Like many people, it comforts me to have certain things around me to memorialize my beloved animals who have died: framed photos, photo albums, portraits, memorial candles, urns, grave markers, jewelry with their paw prints or name, scrapbooks or memorial boxes filled with treasured mementos, holding memorial services, sharing stories about my animal, etc. There are, of course, countless, meaningful ways to memorialize a loved one which can bring us comfort and honor our animal. However, nothing is a higher tribute to a loved one who has died than to identify, acknowledge and use the legacies they left behind, the legacies that live on in our hearts.
I don’t think I’ve ever talked with a person who’s lost their animal who wouldn’t say that the number one legacy from their animal is love. When we think of the legacies of love our animals gave us, it can be healing to reflect on: How that love was expressed or manifested? How was it unique? How was it shared? What did we learn from it, and how can we integrate and apply that learning into the fabric of our lives? Memorializing is comforting, and mourning is normal and necessary. But memorializing is not the same as investing the legacies we’ve been left so they can grow. If we inherit a million dollars and stash it under our mattress it will not grow. But if we invest it in good works it will grow in ways that may continue to enrich us and others forever.
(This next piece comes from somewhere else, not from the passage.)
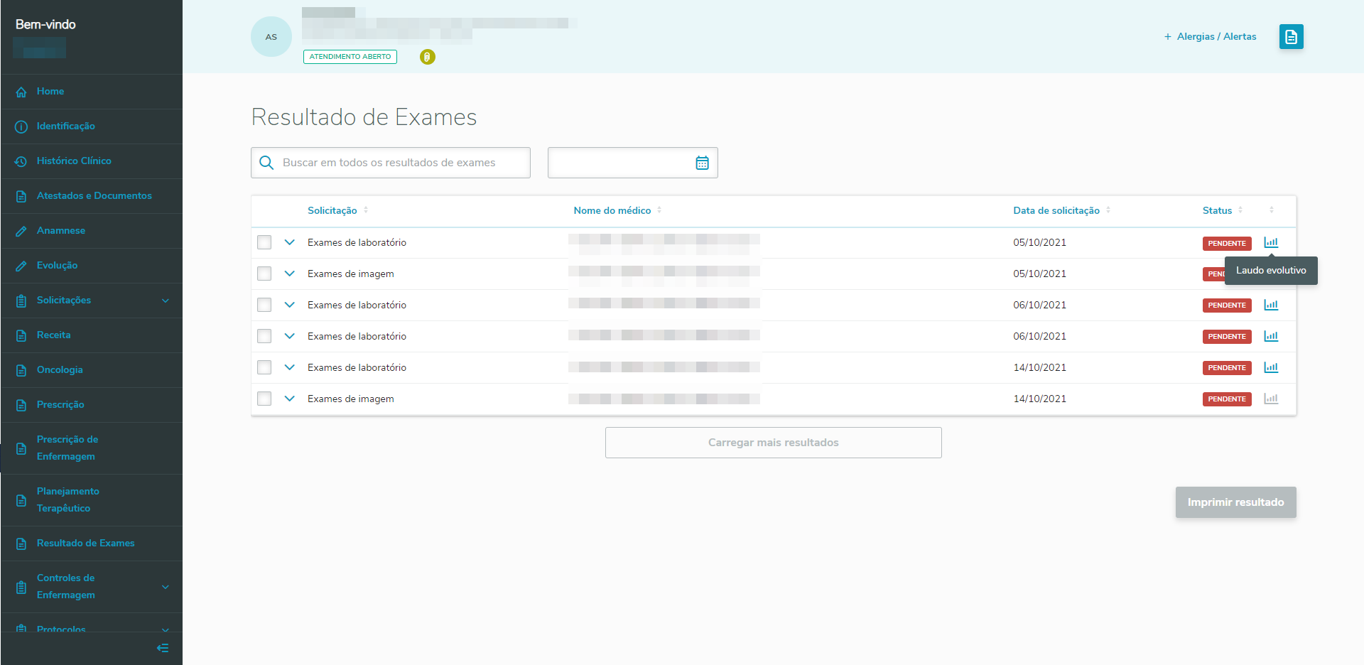 • Laudo evolutivo: deverá exibir um botão habilitado que permitirá a visualização do laudo evolutivo quando for exame de laboratório. Quando for exame de imagem o botão deve estar desabilitado.

What is important for our healing is for each of us to discover and cherish the unique legacies left to us, and to use them for the betterment of ourselves and the world around us.
When my cat Muffin died many years ago I was utterly lost in the pain of it. In time, however, when I realized that the legacy left to me was the unconditional love he showered me with, which was my first experience of unconditional love, I knew I had a choice: to be in pain from this huge loss the rest of my life, or, to learn to give myself what he gave me. That is often what keeps us so painfully stuck in our grief–thinking that we can’t possibly keep the emotional and energetic gifts we received from our animals after they’ve died. We can. When I finally realized that it was time for me to learn to give myself what Muffin had given me, I began my journey to learn to love myself. I learned that without him loving me to the depths that he did, I never would have learned that I was lovable. And what a waste it would have been to wallow the rest of my life about the loss of him giving me that love in person, rather than learning how to love myself even as I grieved his physical presence. This did not make my grief go away. I grieved for him for a very, very long time. But it did fill me with a great sense of hope and fulfillment–that I was using what he gave me to grow.
Years later, I experienced another unexpected opportunity to identify and use a legacy left to me. On one of my whale swim trips we came across a month old humpback calf who was tortuously entangled in fishing gear–float line embedded deeply into his flesh and through his mouth, and trailing 150 feet of line and two huge fishing traps. For four hours a captain than a dive master valiantly tried to free him of this but was only able to cut off the trailing lines and the traps. This weak calf, whom we call Little One, died ten days later. Witnessing this, both physically and in my ongoing conversations with Little One and his deeply grieving mother over time, rocked me to my core. I knew that I could no longer simply enjoy the spiritual high of being with these beloved humpbacks. I needed now to speak out for them about how supporting commercial fishing–i.e. eating any type of fish–not only litters the oceans but causes the slow, tortuous death of whales, dolphins and other marine animals. This little whale left me the legacy that loving in good times is not enough, that when I love, I need to be willing to speak up on behalf of those I love, whether speaking the truth is popular or not. I have found that it was a lot easier to just love the whales and let the activism to others. But I cannot not speak the truth after what I witnessed. This is Little One’s legacy to me.
© Jodi Frediani
The choices I have made to use the legacies left to me are my personal examples. They may or may not be choices others would make. What is important for our healing is for each of us to discover and cherish the unique legacies left to us, and to use them for the betterment of ourselves and the world around us. What better way could we honor the animals who have brought us so much love than to invest their legacies?
Defining “legacies” as:
Gifts we’ve received from an animal, things we’ve learned about ourselves, about relationships, about life, about death, about our beliefs, about who we are, about who we want to be as a result of a relationship with an animal.
Read through the following questions, then close you eyes, go to a peaceful place in your mind and the deepest part of your heart where your love for animals resides, and allow the answers to come:
• Think of an animal with whom you have shared a meaningful life, or an animal–domestic or wild–with whom you’ve had a profound encounter. Gently go the place in your heart where you remember, where you again feel, the love and energy that was shared
• What legacies have I received from the life I shared with this animal, or from a profound encounter with an animal?
What did they teach me? What did they leave me?
• What gifts or legacies, if any, did I receive from the experience of the loss itself?
• What legacy have I received from the death of any wild animal?
• How can you I these to enrich my soul and my life on earth?
The “answers” may not come immediately, or all at once. They may come more slowly, entering our consciousness with great clarity when we are most ready to hear them.